À seulement 38 ans, Ibrahim Traoré concentre entre ses mains tous les pouvoirs au Burkina Faso. Pour certains, il est un capitaine courageux, symbole de rupture et de souveraineté nationale. Pour d’autres, un roi sans couronne, gouvernant par ordonnances. Et pour ses opposants, un tyran en devenir, prêt à sacrifier la démocratie sur l’autel de la sécurité et de la « révolution ».
Dissolution des partis : un tournant politique majeur
Jeudi dernier, les autorités de transition ont annoncé la dissolution de l’ensemble des partis et formations politiques, décision entérinée en Conseil des ministres avec l’adoption d’un projet de loi abrogeant leur base légale. Le gouvernement justifie cette mesure par la nécessité de réformer le mode de gouvernance dans un contexte de transition militaire prolongée.
Un pouvoir issu des coups d’État
Ibrahim Traoré est arrivé au pouvoir à la suite d’un coup d’État militaire en septembre 2022, renversant le lieutenant-colonel Paul-Henri Sandaogo Damiba, lui-même arrivé au pouvoir après avoir destitué un gouvernement civil élu en 2020.
Cette succession de putschs a interrompu le processus démocratique et prive le régime actuel de toute légitimité électorale directe.
Élections reportées et transition prolongée
À son arrivée, le capitaine Traoré avait annoncé un calendrier de transition avec des élections prévues pour juillet 2024. Ce calendrier n’a pas été respecté.
À l’issue de consultations controversées et peu inclusives, la junte a décidé de prolonger la transition jusqu’en 2029 au minimum. Parallèlement, la Commission électorale nationale indépendante (CÉNI) a été dissoute et ses missions transférées à l’administration, remettant en cause la neutralité et la crédibilité de tout futur processus électoral.
Libertés publiques sous forte restriction
L’espace de liberté d’expression s’est considérablement réduit. Les voix dissidentes, médias indépendants et critiques du régime sont régulièrement censurés, intimidés ou marginalisés.
Les autorités invoquent fréquemment la lutte contre « l’impérialisme » ou contre les « ennemis de la nation » pour justifier ces mesures répressives.
Une démocratie suspendue
Ibrahim Traoré a affirmé à plusieurs reprises que le Burkina Faso n’est pas engagé dans une démocratie, mais dans une « révolution progressiste populaire ». Cette orientation implique de subordonner les libertés politiques à des objectifs considérés comme prioritaires : souveraineté nationale, sécurité et refondation de l’État.
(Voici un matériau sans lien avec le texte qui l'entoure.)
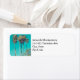 Etiquetas de direcciones con una hermosa fotografía. Palmeras altas con largos baúles delgados frente a un hermoso cielo verde. Esquema de color retro. Relajante y relajante.
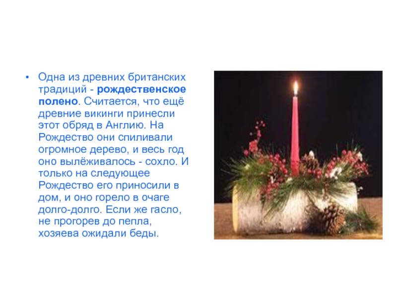 Слайд 5Одна из древних британских традиций - рождественское полено. Считается, что ещё
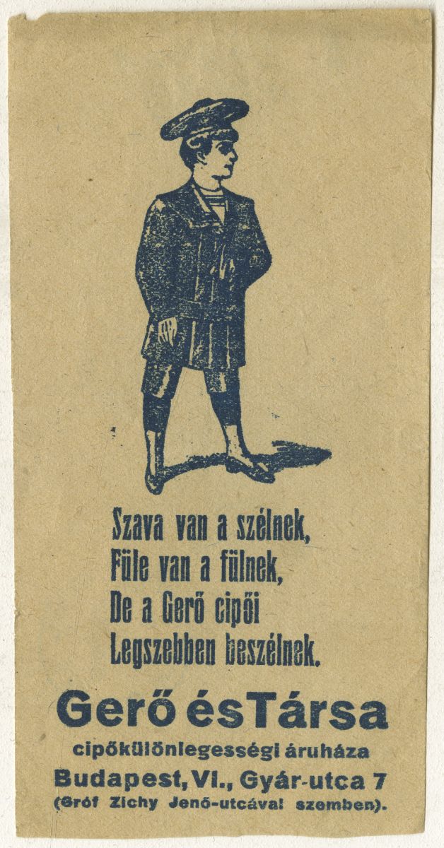 Kinek Gerő-cipő a lábán, az a legény a talpán. Szava van a szélnek, füle van a fülnek, de a Gerő cipői a legszebben beszélnek. (...)
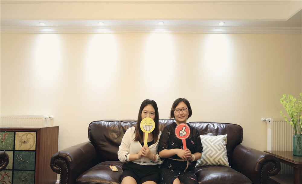 選用巖板餐桌,魚肚白紋理延伸出亮面巖板,顯得明亮整潔。磨邊后的圓角防止意外磕碰,體現出柔和安全的特質。餐椅則是千鳥格色+橘色的組合,搭配金色桌腿更顯一份精致。平時業(yè)主也會喊上一些朋友聊天聚會、分享美食,快樂又自在。
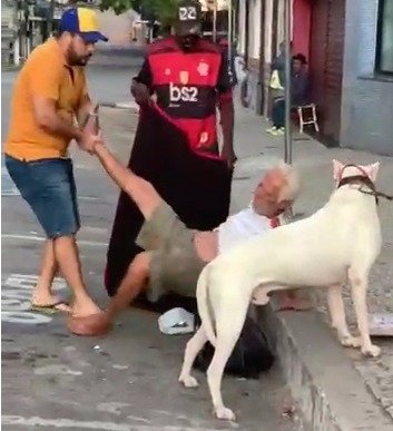 Homem com pitbull agride idoso na porta de banco em Teófilo Otoni
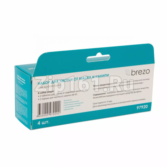 Набор для чистки кофемашин от накипи, 2 таблетки, 2 порции Brezo 97920 Длина: 0.156 Ширина в упаковке, м: 0.045 Длина в упаковке, м: 0.156 Высота в упаковке, м: 0.06 Вес в упаковке, кг: 0.125 Вид индивидуальной упаковки: Коробка Состав: Лимонная кислота, вспомогательные вещества, кислородное чистящее средство (>30%), фосфаты
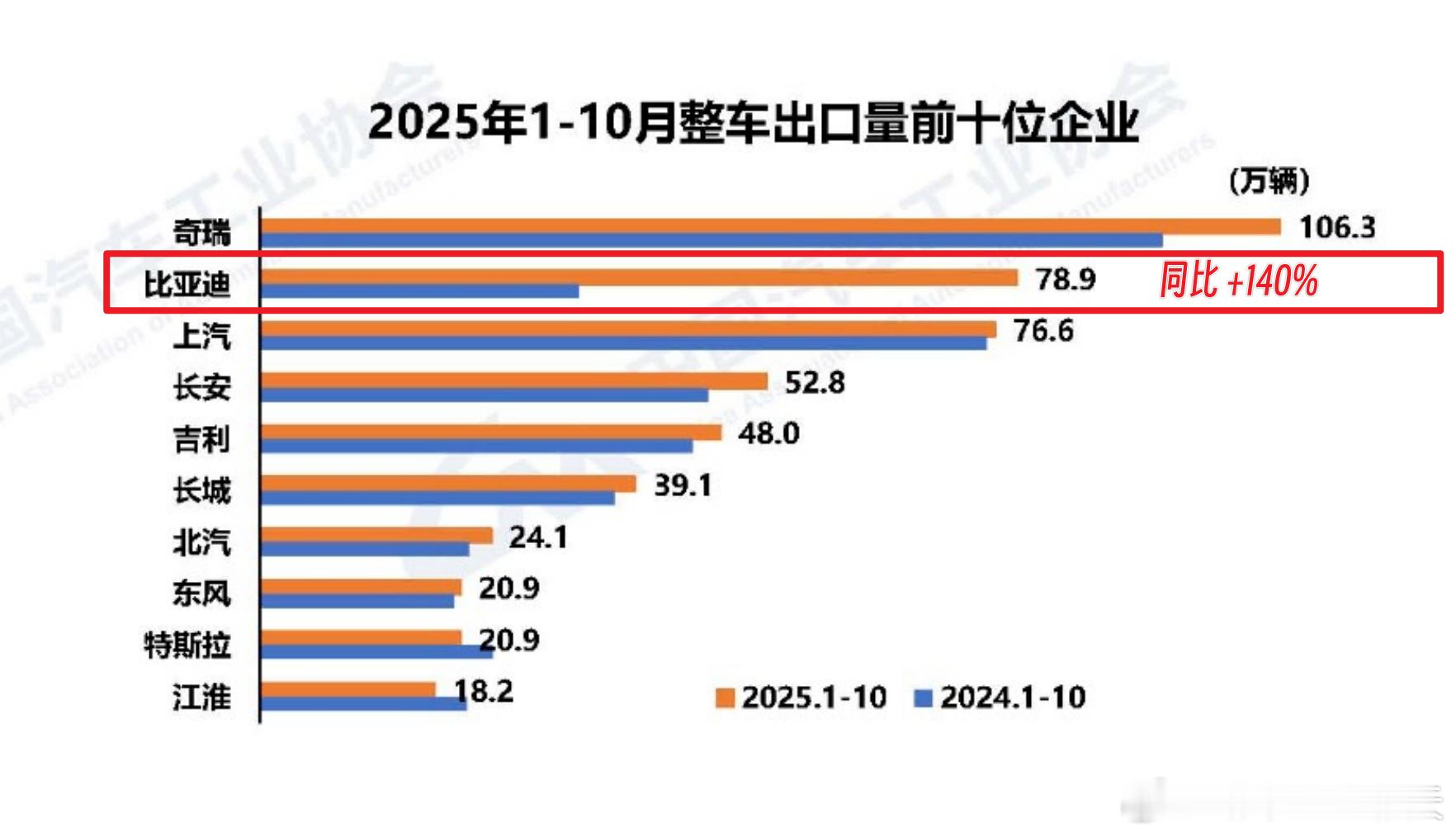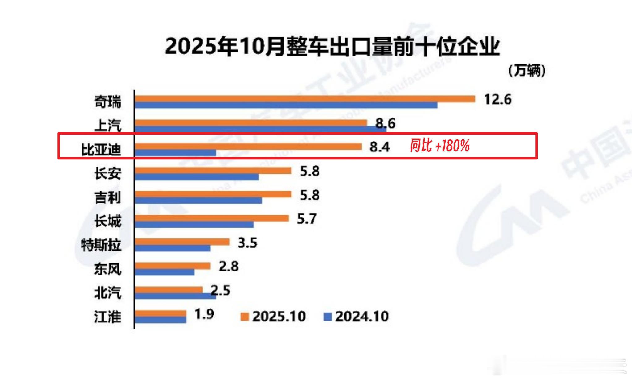 在看10月中汽协的报告,发现「电车出海」业务,格局变化还挺大的~近几年的情况都是奇瑞第一,上汽第二,今年比亚迪的出海业务增长非常迅猛,直接超越上汽,冲到了第二,具体表现:➡️10月份,比亚迪出口8.4万辆,同比增长1.8倍;➡️1-10月累计,比亚迪出口78.9万辆,同比增长1.4倍。比亚迪出海业务真猛,难怪 最近没少聊
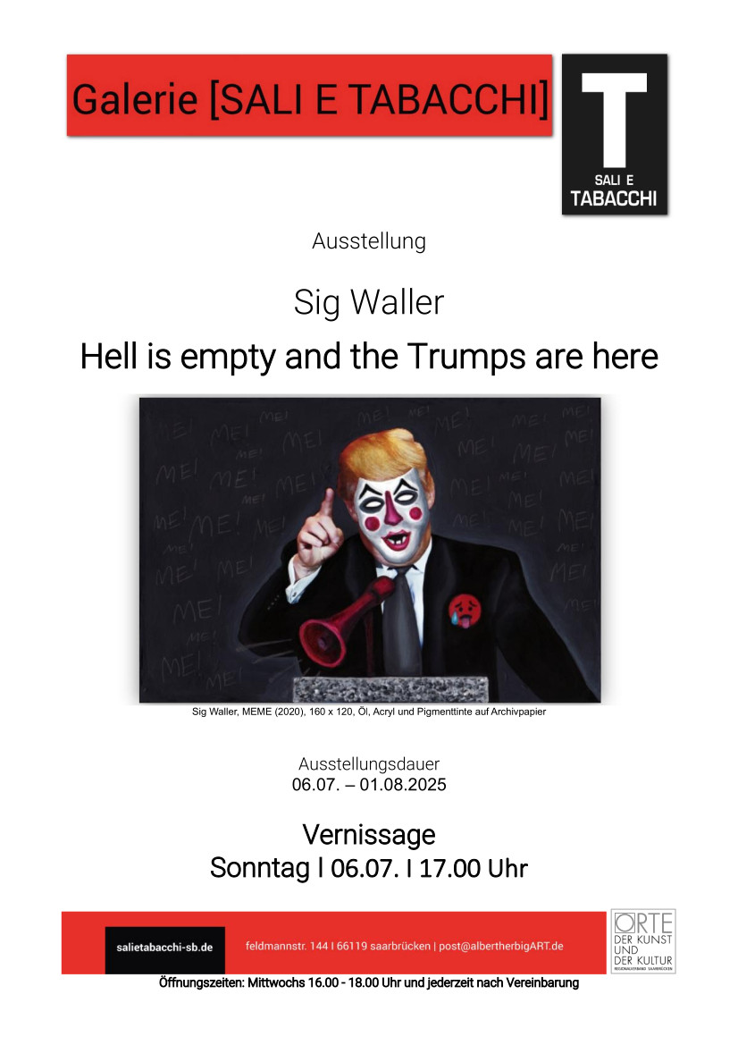 Seit sechs Monaten ist der „Dealmaker“ zurück im Weißen Haus! Mit seinem königlichen Auftreten samt Hofschar und vergoldeten, an römische und französische Kaiser und Könige erinnernden Requisiten inszeniert er sich mit seinem düsteren Blick und seinem beleibten, „mächtigen“ Körper als Zentrum der Macht. Vor diesem Hintergrund zeigt die Galerie [SALI E TABACCHI] in Anspielung auf das berühmte Shakespeare Zitat die Ausstellung „Hell is empty and the Trumps are here“ – eindrückliche Arbeiten der aus Swansea stammenden deutsch-amerikanisch-britischen Künstlerin Sig Waller.
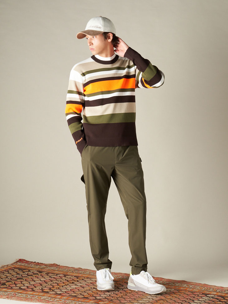秋に身につけたいカーキでまとめたスタイリング。温かみのあるオレンジがより秋っぽさを感じさせます。軽量なポリエステル素材を使用しているのでニットでも動きやすく、スウィングの邪魔をしません。パンツはナイロン独特のソフトな手触り。適度なテーパードシルエットでリラックスして着用頂けます。
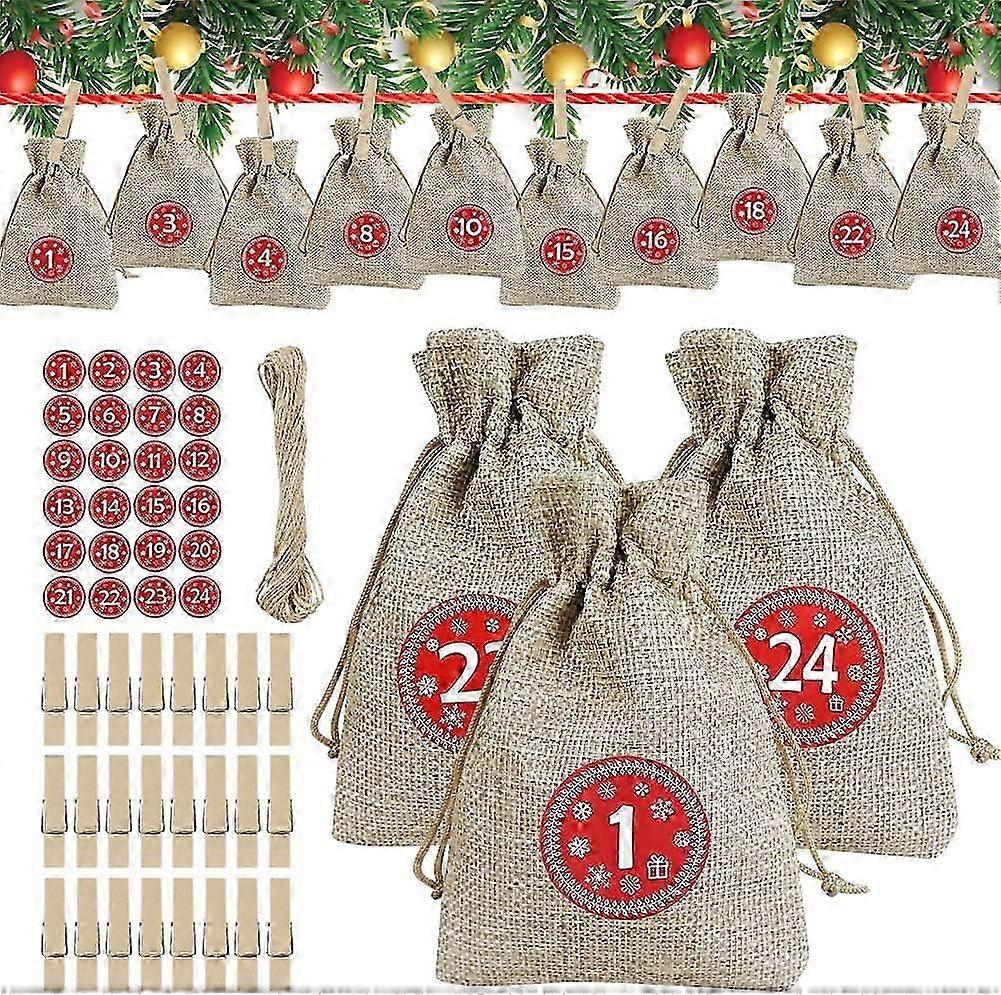 For Advent Calendar - Burlap Bags, Advent Calendar 2020, Christmas Gift Bags with 24 Numbered Advent Stickers, Festive Countdown Calendar
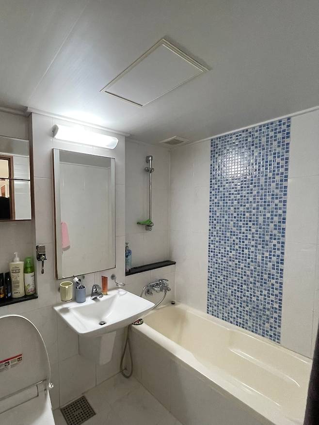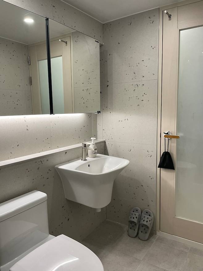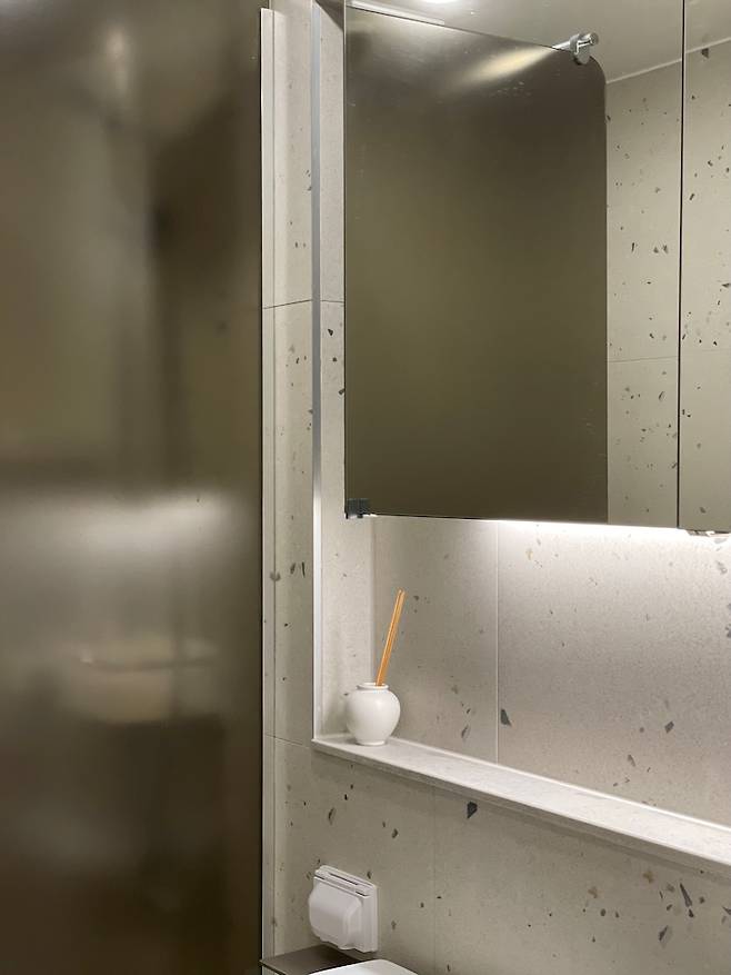 안방 화장실은 거실 화장실과 다른 무늬의 타일로 시공했는데요. 제 취향의 테라조가 크게 보이는 타일로 해서 거실 화장실보다 더 마음에 들어요. 그래서 어쩌다 보니 제가 주로 안방 화장실을 사용하게 되었어요.
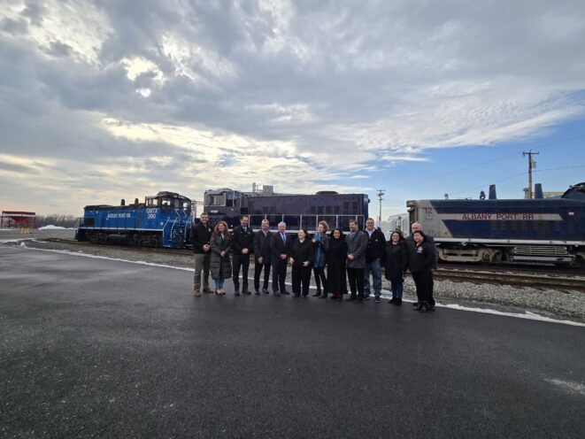Albany Port Railroad has celebrated the arrival of its newest locomotive #2502 with NYS Department of Transportation Commissioner Marie Therese Dominguez and dignitaries from throughout
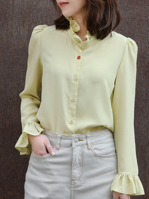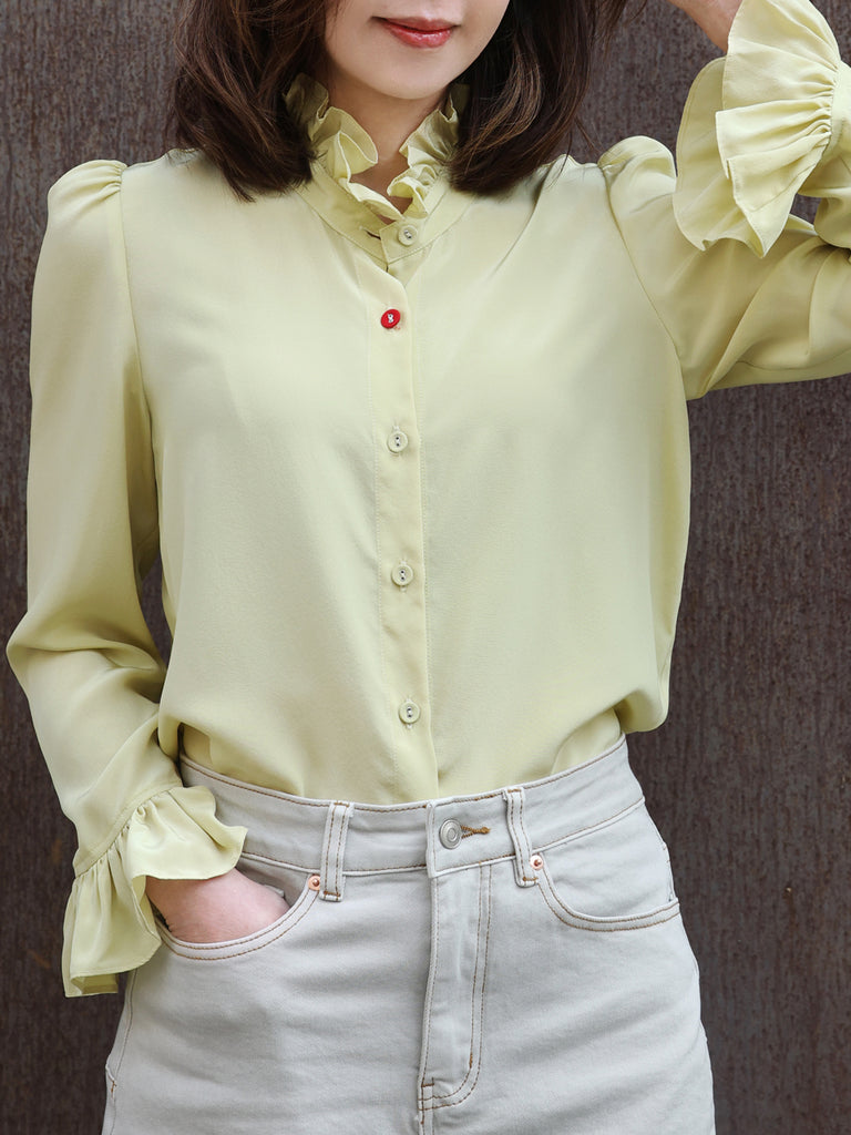 As much as we love our basics and minimalist pieces, we often crave something romantic and cute when the sun comes out. Made of dreamy, flowy fabric that softly reveals the skin, this exquisite top features a cascade of ruffles, a slightly gathered shoulder, and a swinging curved hem. It's an adorable and flawless addition to any wardrobe.
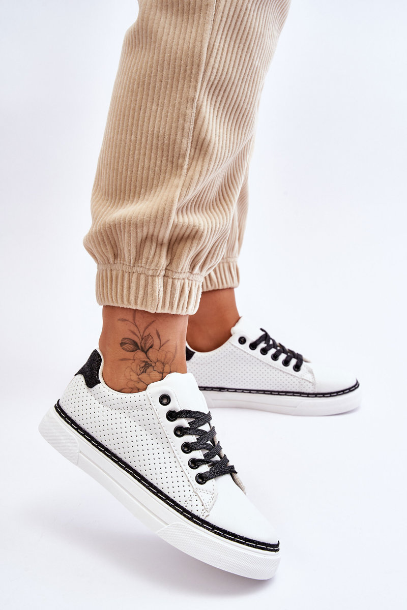 Trampki Niskie Damskie Perforacja Biało-Czarne  Daxton

Entre souverainisme et dérive autoritaire
Pour ses partisans, Traoré incarne un leader souverainiste et anti-impérialiste, cherchant à réorienter les alliances diplomatiques du Burkina Faso hors de l’influence occidentale.
À l’inverse, des observateurs internationaux et organisations de défense des droits humains estiment que ces pratiques affaiblissent durablement les institutions démocratiques et concentrent le pouvoir entre les mains de l’exécutif militaire.
Du parcours militaire à la présidence
Né le 14 mars 1988 à Kéra, dans la commune de Bondokuy, Ibrahim Traoré poursuit des études scientifiques à l’Université de Ouagadougou et obtient une maîtrise en géologie en 2010.Il intègre ensuite l’Académie militaire Georges Namoano de Pô, dont il sort vice-major de promotion avec le grade de sous-lieutenant.
Promu successivement second lieutenant en 2012, lieutenant en 2014, puis capitaine en 2020, il devient en mars 2022 chef de corps du régiment d’artillerie de Kaya. Son engagement sur le front contre les groupes jihadistes lui vaut une notoriété croissante parmi les jeunes officiers.
Le 30 septembre 2022, Traoré renverse Damiba et prend la tête du Mouvement patriotique pour la sauvegarde et la restauration (MPSR). Le 6 octobre 2022, il est officiellement investi président de la transition, devenant chef de l’État et chef suprême des forces armées.